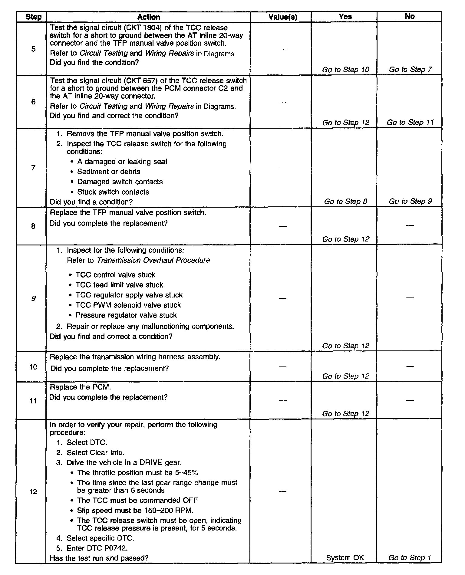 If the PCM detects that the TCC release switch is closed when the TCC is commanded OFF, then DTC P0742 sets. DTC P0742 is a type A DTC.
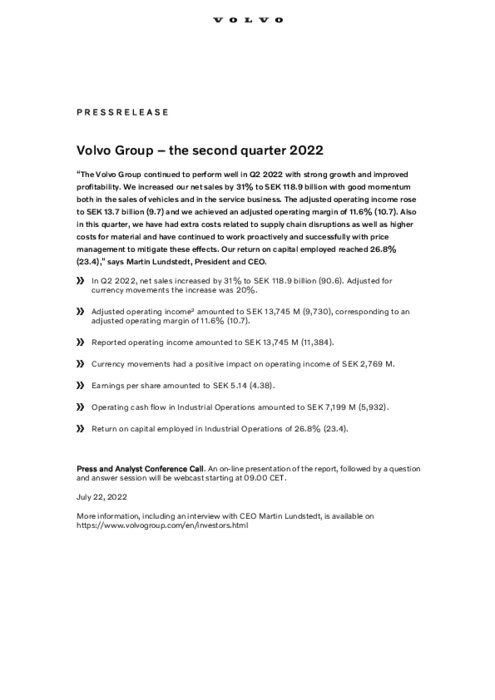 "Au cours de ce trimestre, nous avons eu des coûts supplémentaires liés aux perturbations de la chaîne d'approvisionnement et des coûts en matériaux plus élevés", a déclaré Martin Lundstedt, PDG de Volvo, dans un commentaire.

++++++++++

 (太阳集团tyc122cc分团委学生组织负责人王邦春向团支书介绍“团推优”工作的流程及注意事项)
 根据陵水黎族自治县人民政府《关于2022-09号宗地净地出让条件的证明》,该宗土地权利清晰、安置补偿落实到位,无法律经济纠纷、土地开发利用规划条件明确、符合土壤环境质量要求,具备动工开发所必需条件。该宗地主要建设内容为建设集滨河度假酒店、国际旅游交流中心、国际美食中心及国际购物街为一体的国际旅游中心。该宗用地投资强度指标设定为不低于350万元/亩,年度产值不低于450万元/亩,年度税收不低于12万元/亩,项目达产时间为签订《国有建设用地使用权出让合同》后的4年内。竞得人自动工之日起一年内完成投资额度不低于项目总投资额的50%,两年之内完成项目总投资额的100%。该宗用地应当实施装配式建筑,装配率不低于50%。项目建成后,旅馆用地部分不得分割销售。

++++++++++

**Exercise prompt:** Print, word for word, the lines above that run from the line containing "If the PCM detects" to the line containing "dans un commentaire.", both included. Keep the pictures out.

**Response to this exercise:**
 If the PCM detects that the TCC release switch is closed when the TCC is commanded OFF, then DTC P0742 sets. DTC P0742 is a type A DTC.
 "Au cours de ce trimestre, nous avons eu des coûts supplémentaires liés aux perturbations de la chaîne d'approvisionnement et des coûts en matériaux plus élevés", a déclaré Martin Lundstedt, PDG de Volvo, dans un commentaire.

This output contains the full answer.